The data Start Marker

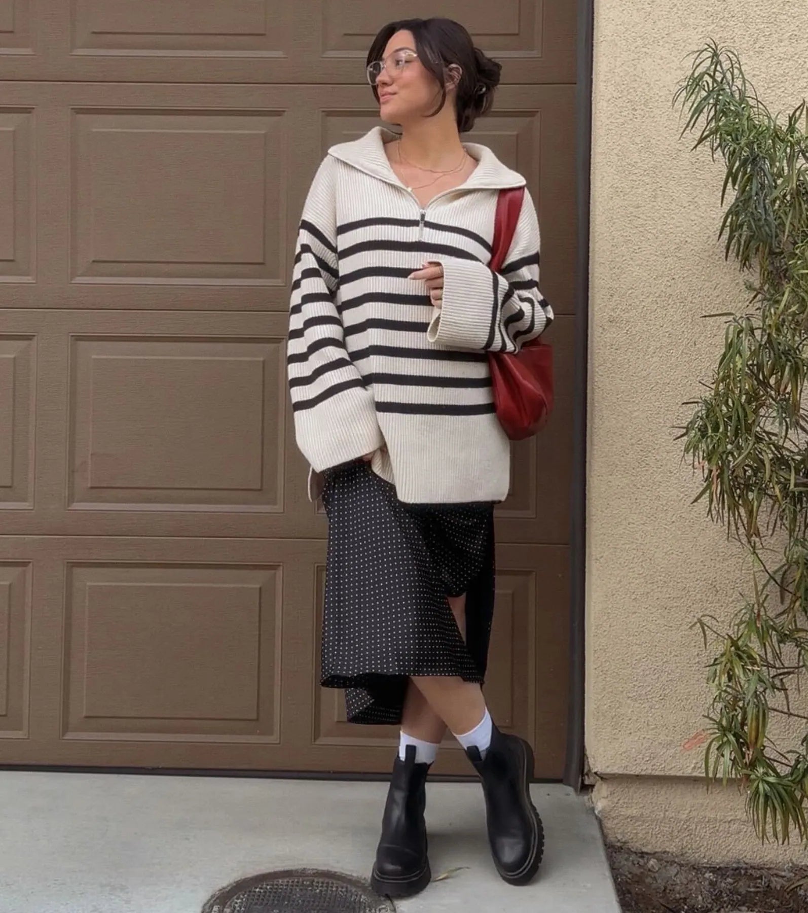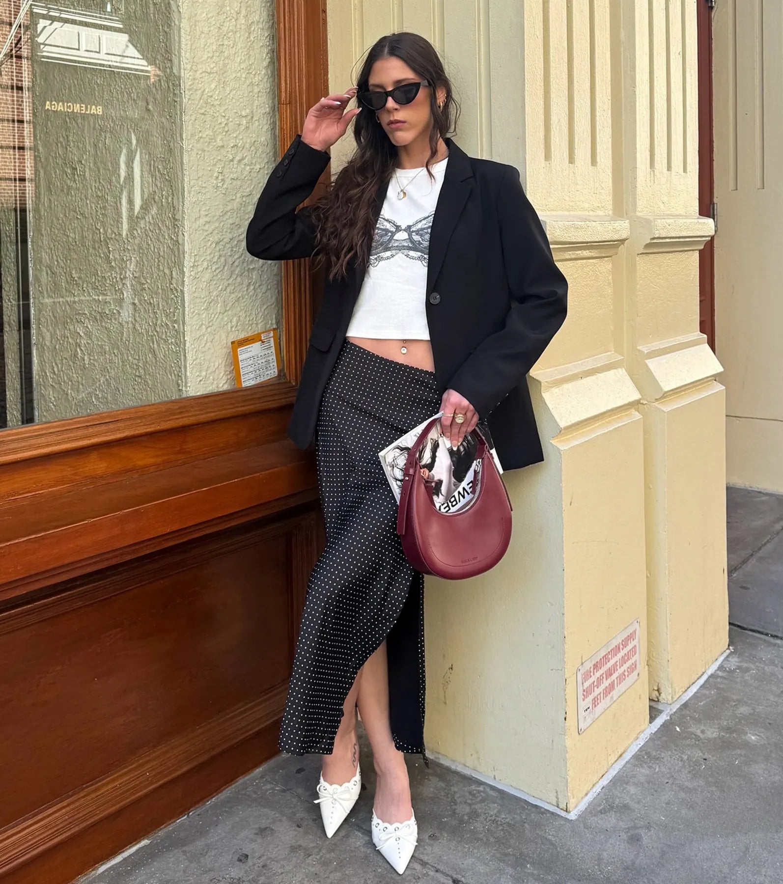 Cue the perfect background song as you strut in this high-rise midi skirt flaunting chic polka dots...
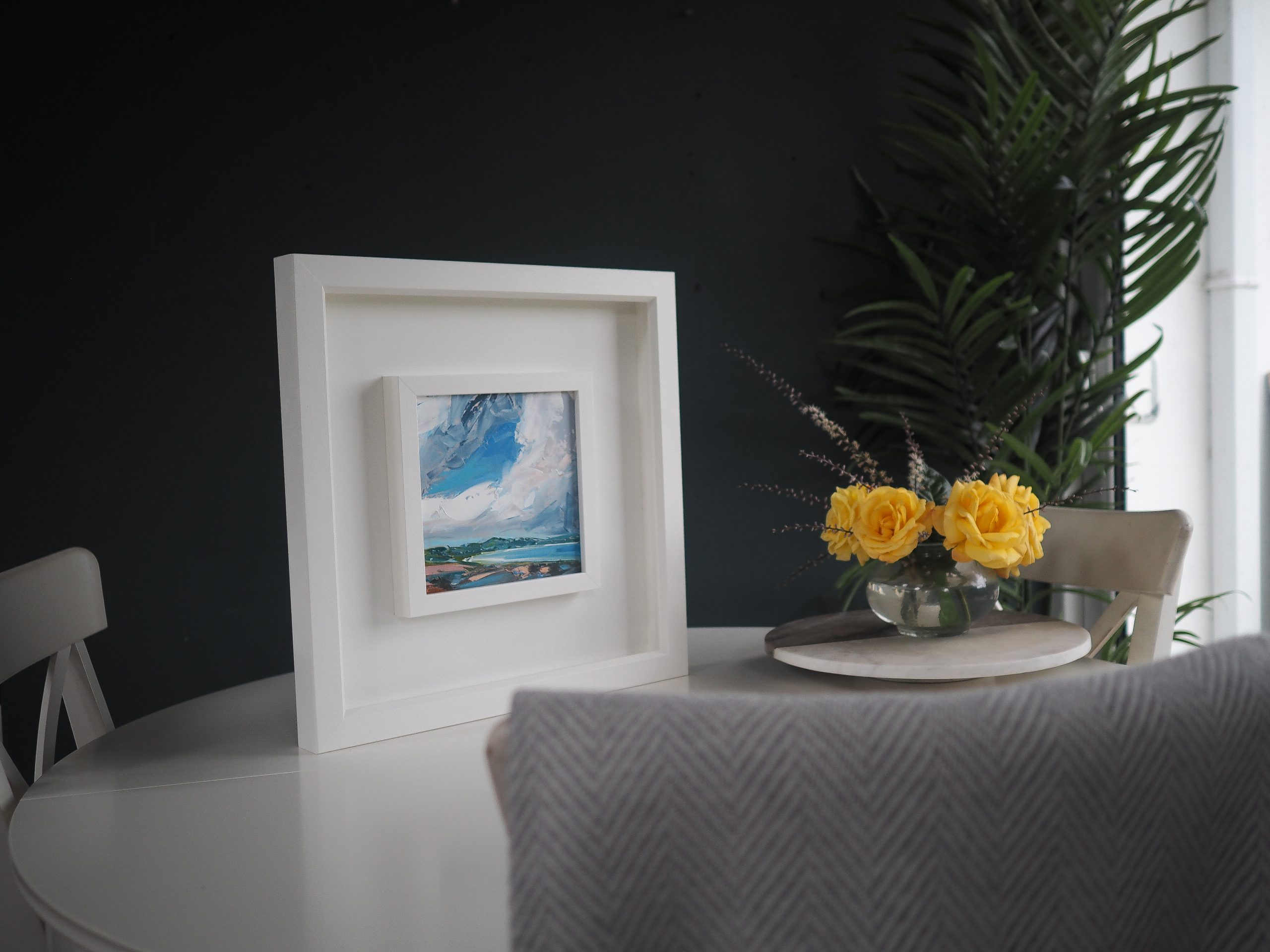 A beautiful summers day, where despite some big clouds over head, the sun manages to break through. Gorgeously depicted in oils by David Coyne, this small original oil painting, highlights the harbour and bay basking beneath the large summer sky. A superb opportunity to nab an original David Coyne piece.
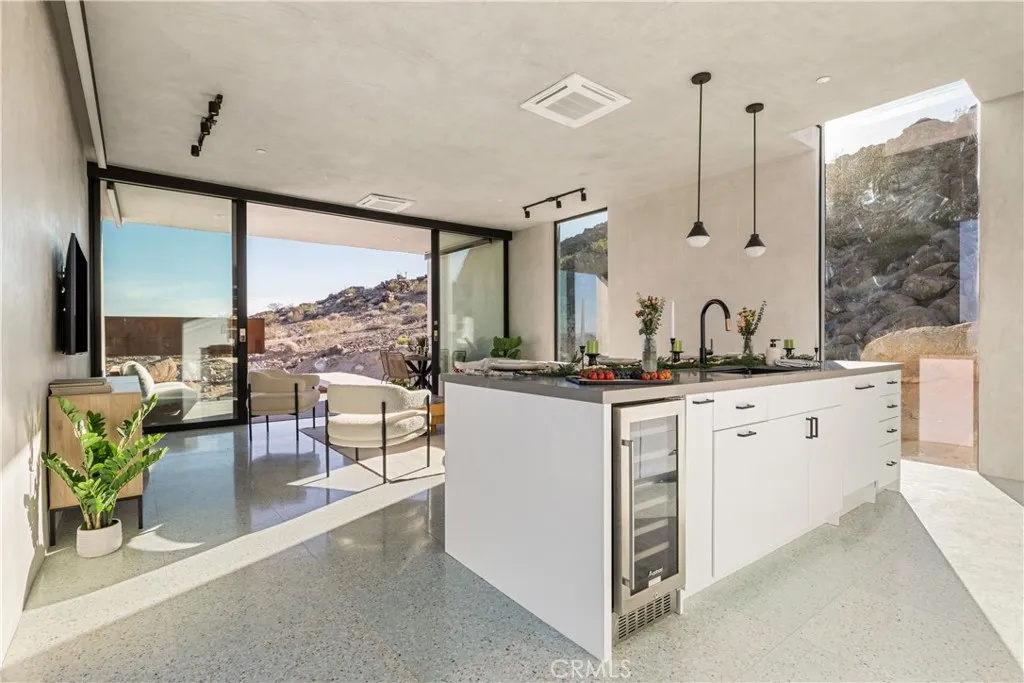 A rare architectural statement built directly into Joshua Trees iconic boulders, The Prism House lives like a private nature reserve a seamless extension of the boulders themselves. Set on 5 acres that back up to protected, boulder-strewn land, it lives like 100+, offering complete privacy and an otherworldly connection to the landscape, all just 10 minutes from town. Designed by URBARC Architects and developed by KUD Development, this one-of-a-kind retreat was completed in 2022 using the cutting-edge RSG3D concrete and foam system delivering unmatched strength, insulation, and energy efficiency. Every inch reflects design intention and craftsmanship: JennAir appliances, Eso Surfaces custom terrazzo tile, Fleetwood sliders, riftsawn oak cabinetry and doors, electric window blinds, custom LED lighting, and a built-in library with a reading nook that frames the desert light. The layout features dual primary suites plus a powder room, balancing flexibility for both personal use and high-end short-term rental income. Already a six-figure income generator, the home comes fully equipped with its branding, professional photography and video, Instagram presence, and an established luxury rental operation making it a true turnkey opportunity. Recognized on a global stage, The Prism House earned the Platinum Winner in Household Architecture at the International Architecture & Design Awards 2025 (IADA) and the Peoples Choice Award 2024 from the LOOP Design Awards. Qualifying for Airbnb Luxe (one of only a few in the desert) further elevates its prestige and earning potential. A rar
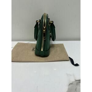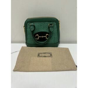 This Gucci 640716 Green Woven Leather Mini Boston Bag is a stunning piece that combines style and functionality. The luxurious woven leather in a vibrant green hue, complemented by gold-tone hardware and horsebit detail, makes this bag a standout accessory. It is in excellent condition and includes the original Gucci dust bag. Perfect for everyday use or special occasions, this mini Boston bag is a must-have addition to any fashion-forward collection.
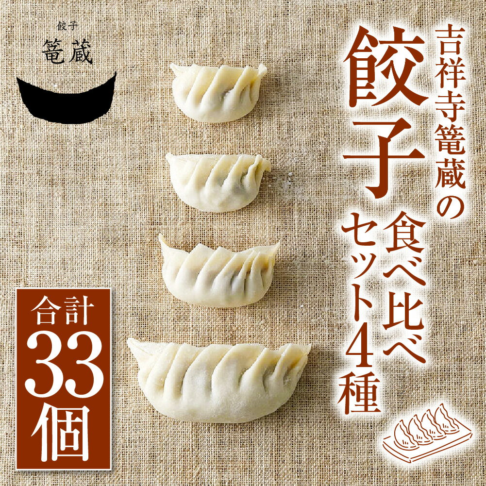- 【ふるさと納税】吉祥寺篭蔵の餃子 食べ比べセット 4種 計33個(餃子×10個・ひとくち餃子×12個・とりしそ餃子×6個・白金豚餃子×5個) キャベツ 豚肉 鶏肉 お肉 野菜 ギョウザ ギョーザ 中華惣菜 おかず ご飯のお供 国産 冷凍 東京都 武蔵野市 送料無料

The data End Marker

Print again, exactly, the lines of the records above from the first line through the line with "A beautiful summers". No pictures.

 Cue the perfect background song as you strut in this high-rise midi skirt flaunting chic polka dots...
 A beautiful summers day, where despite some big clouds over head, the sun manages to break through. Gorgeously depicted in oils by David Coyne, this small original oil painting, highlights the harbour and bay basking beneath the large summer sky. A superb opportunity to nab an original David Coyne piece.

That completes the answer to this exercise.